Previous Topic: DEFPROT AttributeNext Topic: VM Protection Examples

Securing ResourcesResource Access ControlBypass Resource Checking

Bypass Resource Checking

Earlier in this chapter you learned that by using ACTION(NODSN), along with the TSS PERMIT command, you can specify that no data set checking will be performed for that particular volume. In some rare cases, however, you may want to extend that bypass privilege so that any time a particular ACID makes a certain type of access request, those requests will bypass security checks.

Note: We do not recommend this type of blank check security access for ordinary usage. Limit its use to setting up disaster recovery procedures.

You can do this by simply adding one or more bypass attributes to the ACID. This type of action is not recommended for most users. The following list of bypass options (also called no-check attributes) should be used with great care if at all. They are as follows:

NORESCHK

Allows the ACID to bypass all resource checking with the exception of data sets and volumes.

NOVOLCHK

Allows the ACID to bypass all volume checking.

Note: If data set access it being requested,CA Top Secret responds according to the data set authorizations. To allow an ACID unrestricted access to an entire volume, you must also add the NODSNCHK attribute.

NODSNCHK

Allows an ACID to bypass data set checking. Not to be confused with ACTION(NODSN) which only affects access requests for a particular volume.

NOLCFCHK

Allows an ACID to bypass LCF checking.

NOSUBCHK

Allows an ACID to bypass job submission security checking.
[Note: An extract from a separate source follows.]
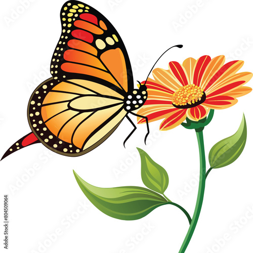 Fototapeta premium Monarch butterfly flying illustration. Monarch Butterfly on flowers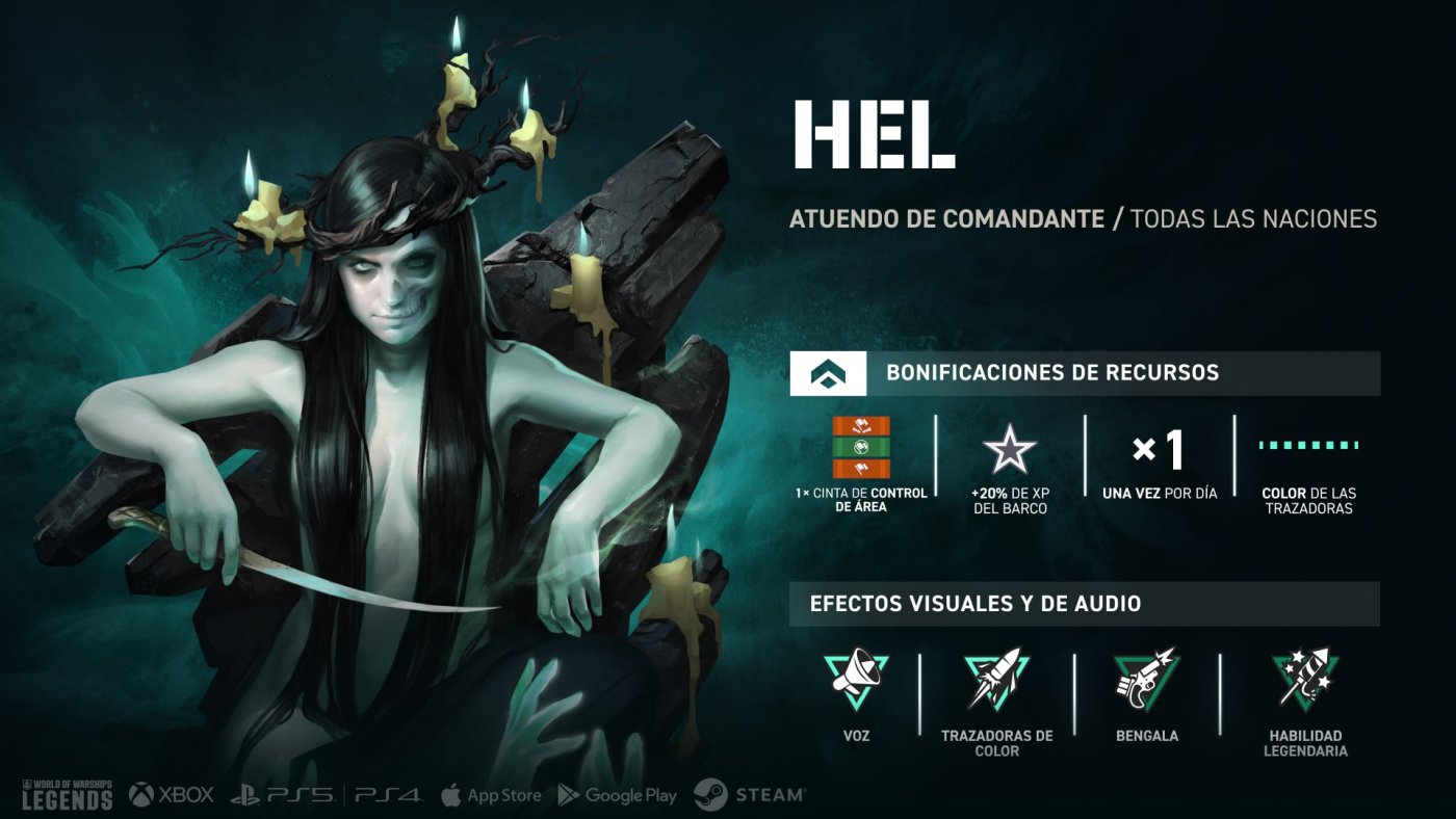 ¡Hel, la diosa del inframundo, ha llegado a Legends! Será mejor que la tengas de tu lado, y puedes lograrlo a través del nuevo Calendario. Comiénzalo el 6 de octubre y completa todas las tareas diarias durante 3 semanas para desbloquear el atuendo de Comandante de Hel y muchas otras recompensas, incluyendo una caja “Halloween '25”, la bandera “La marca de Hel”, cajas grandes “Otoño” y más.

This way an associated ACID can submit all jobs regardless of the (derived) ACID on the job card being submitted.

NOVMDCHK

Allows an ACID to bypass VM minidisk link checking.

Add these attributes to an ACID through the TSS ADD command, and rescind them through the TSS REMOVE command. For example, the following allows the SUPRACID to bypass all resource checking:

TSS ADD(SUPRACID) NORESCHK NOVOLCHK NODSNCHK NOVMDCHK

While the following example removes those privileges:

TSS REM(SUPRACID) NORESCHK NOVOLCHK NODSNCHK NOVMDCHK

To administer these no-check attributes, the Security Administrator must have the appropriate administrative authority.